On Apple Silicon (arm64 macOS) we must use `MAP_JIT` plus `pthread_jit_write_protect_np()` flips to switch between writable and executable. On Linux any sane W^X discipline works.

## §3 Where it shines, where it fails

**Shines:**
- Tiny runtime footprint: emitter + handler set fits in ~10K LOC for one ISA.
- Compile speed: ~10-50 MB/s of machine code.
- Each op template can be tuned by hand for a hot path.
- Pure Go implementation needs no toolchain at runtime.
- Predictable: no LLVM black-box performance cliffs.

**Fails:**
- Cross-op optimization is zero (per-op only).
- Hand-written templates rot when the ISA grows new addressing modes or instructions.
- IC management is genuinely hard to get right (atomic patches, instruction cache flush, concurrent execution).
- Generated code is 2-5x slower than an optimizing backend.

## §4 Status (May 2026)

- BEAM's BeamAsm is the most recent production deployment (OTP 24, 2021), using asmjit for x86-64 and arm64. It is the default in Erlang/Elixir releases.
- Sparkplug, JSC Baseline, Liftoff, sm-base, and Winch are all production template JITs.
- Pure-Go template JITs are rarer.

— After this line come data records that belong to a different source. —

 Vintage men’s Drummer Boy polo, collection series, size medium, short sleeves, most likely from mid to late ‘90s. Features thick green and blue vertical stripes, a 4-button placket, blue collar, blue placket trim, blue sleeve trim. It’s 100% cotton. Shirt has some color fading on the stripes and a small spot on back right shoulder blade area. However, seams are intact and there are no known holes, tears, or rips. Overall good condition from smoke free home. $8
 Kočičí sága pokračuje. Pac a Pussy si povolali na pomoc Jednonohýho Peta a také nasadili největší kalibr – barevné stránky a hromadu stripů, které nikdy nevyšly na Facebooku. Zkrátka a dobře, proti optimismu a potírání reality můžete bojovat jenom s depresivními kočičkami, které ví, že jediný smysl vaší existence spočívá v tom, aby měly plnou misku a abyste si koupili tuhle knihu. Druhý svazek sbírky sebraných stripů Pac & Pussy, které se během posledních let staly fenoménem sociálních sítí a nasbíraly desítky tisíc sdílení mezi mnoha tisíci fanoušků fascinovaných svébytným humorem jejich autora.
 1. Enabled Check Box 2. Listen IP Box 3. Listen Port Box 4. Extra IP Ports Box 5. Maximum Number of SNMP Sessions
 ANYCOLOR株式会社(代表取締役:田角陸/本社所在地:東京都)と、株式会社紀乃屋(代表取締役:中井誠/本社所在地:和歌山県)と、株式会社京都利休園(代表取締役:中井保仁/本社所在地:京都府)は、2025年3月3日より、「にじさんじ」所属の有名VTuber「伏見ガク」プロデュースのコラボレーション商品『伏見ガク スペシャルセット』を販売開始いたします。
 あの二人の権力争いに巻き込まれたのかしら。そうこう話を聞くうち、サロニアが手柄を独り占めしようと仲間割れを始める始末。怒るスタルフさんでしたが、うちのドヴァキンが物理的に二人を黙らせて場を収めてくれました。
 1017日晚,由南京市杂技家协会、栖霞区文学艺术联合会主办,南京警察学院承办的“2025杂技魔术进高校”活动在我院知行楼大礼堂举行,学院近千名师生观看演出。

Notable: `github.com/twitchyliquid64/golang-asm` (a fork of Go runtime's internal asm) and `github.com/modern-go/gls`. Neither is a full Mochi-ready toolkit.
- Titzer 2024 (CGO) is the current state-of-the-art analytical comparison.

## §5 Engineering cost for Mochi

A pure-Go, no-cgo template JIT for Mochi:

- 2 weeks: pick or fork a Go x86-64 assembler library. The Go runtime's internal `cmd/internal/obj/x86` is GPL-incompatible with Mochi's MIT-style license; we likely need a from-scratch encoder or a fork of golang-asm.
- 3 weeks: per-op template emit functions for the ~100 Mochi ops, x86-64.
- 1 week: mmap/mprotect plumbing for Linux, macOS, Windows.
- 1 week: macOS arm64 JIT-write-protect ergonomics.
- 2 weeks: slow-path stub library (reuse vm3 op handlers via Go function pointers).
- 2 weeks: smoke tests against `compiler3/corpus/`.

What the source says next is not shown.